PFS, progression free survival; OS, overall survival; PTV, planning target volume; BMI, body mass index; ALC, absolute lymphocyte count; LRFS, locoregional failure free survival; RT, radiotherapy; TPD, time to progressive disease; TM, time to metastases; NA, not applicable; CCRT, chemoradiation; RFS, relapse free survival; DSS, disease specific survival; IMRT, intensity modulated radiation therapy; CRT, chemoradiotherapy; 5-FU, 5-flourouracil; CTCAE V4, common terminology criteria for adverse events; DFS, disease free survival; LRRFS, loco-regional relapse free survival; DMRFS, distant metastases relapse free survival; PBT, proton beam therapy; CTV, clinical target volume; 3DCRT, 3D conformal radiation therapy; DMFS, distant metastases free survival; LRC, loco-regional control; EDIC, effective dose to immune cells.

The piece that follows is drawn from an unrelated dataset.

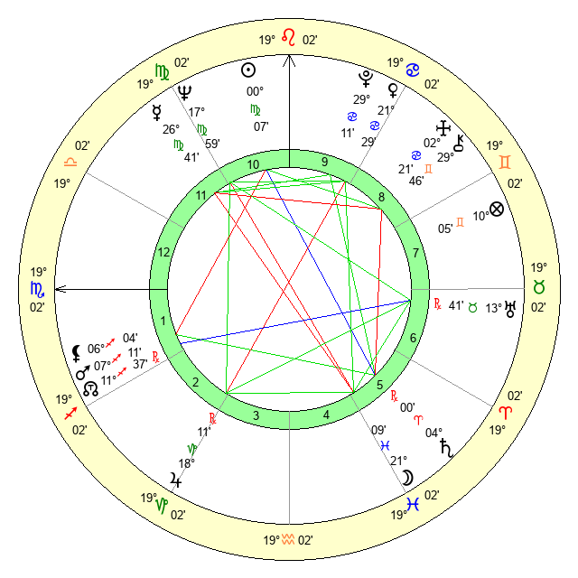 | Neptune | 17 Virgo 59 | 1 Aries 33 | 20 Virgo 49 |

The Newcastle Ottawa scale assessment was used to assess the quality of the studies included in the systematic review and described in Appendix 2.

Systematic review of included studies

Impact of tumor location on incidence of lymphopenia

Tumor location in the lower third of the esophagus versus mid/upper esophagus was positively associated with grade 4 lymphopenia in a study by Davuluri et al. (P=0.23) (12). In a study by Fang et al., radiotherapy was associated with lymphocyte reduction in patients with tumors in the lower esophagus (P=0.005), but not for those with tumors in the upper or middle esophagus (P=0.32) (13). Similarly, in a study by van Rossum et al., lower third EC patients treated with radiotherapy had a significantly higher incidence of grade 4 lymphopenia (39%) compared with patients of upper/mid third Esophagus (29%; P=0.029) (7). In a study by Zhou et al., patients with lower ECs treated with radiotherapy had a higher OR of developing grade 4 lymphopenia (OR: 2.430; 95% CI: 1.043–5.663; P=0.040) on multi-variate analysis (11).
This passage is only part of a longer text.